The goal is now to write $x$ as a function of these $\zeta_j$. For example, if $n = 0$, then we have $$ 1 - (x^2 + 2)q + q^2 = (1 - \zeta q)(1 - \zeta^{-1} q) $$ or $$ x^2 = \zeta + \zeta^{-1} - 2 \iff x = \zeta^{1/2} - \zeta^{-1/2} $$ which is a nice and simple expression.
For higher $n$, let us define $\mu_j = \zeta_j^{1/2} - \zeta_j^{-1/2}$, and so $\mu_j^2 = \zeta_j + \zeta_j^{-1} - 2$. Then, for example, for $n = 1$ we have that $$ \begin{align} x^2 &= \mu_1^2 + \mu_2^2 \\ -6x^2 &= \mu_1^2\mu_2^2 \end{align} $$ and in general what we find is that for each $n$, that we have a series of expressions $$ c_{n, k} x^2 = \sigma_k(\mu_1^2, \ldots, \mu_n^2) $$ where $c_{n, k}$ are some integral coefficients (related to A036969) and $\sigma_k$ is the $k$-the elementary symmetric polynomial.
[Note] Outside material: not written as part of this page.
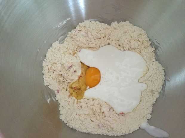 Añadir el huevo y el yogur y mezclar a una masa pegajosa.
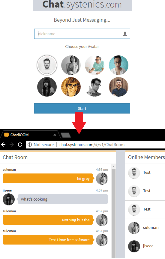 Just like most of the websites in this list, you can easily create chat room on this website. Just use the above link to reach its homepage and then specify the name for the chat room. After that, you can share the link to the room with the people you want. And when all the people have joined the room, you can start the chat. While entering the chat room, a user will have to choose a desired username that will appear in the chat.

These expressions should allow us to derive relations among the $\zeta_j$s, but it doesn't seem clear to me how these should look; in particular, for $n = 1$ the best that I can find is that $$ x = \frac{\mu_1^2}{\sqrt{6 + \mu_1^2}} = \frac{\zeta_1 + \zeta_1^{-1} - 2}{\sqrt{4 + \zeta_1 + \zeta_1^{-1}}} $$ which isn't really as nice as the expression $x = \zeta^{1/2} - \zeta^{-1/2}$.
As for motivation (e.g. why $x^2$?), what I'm working with is an expression of the form $$ \sum_n A_n(q)x^{2n} = \prod_m T_k(q^m,x) $$ and the right-side of this expression is manifestly (quasi-)modular; what I'd like to understand is what that means for the left-hand side.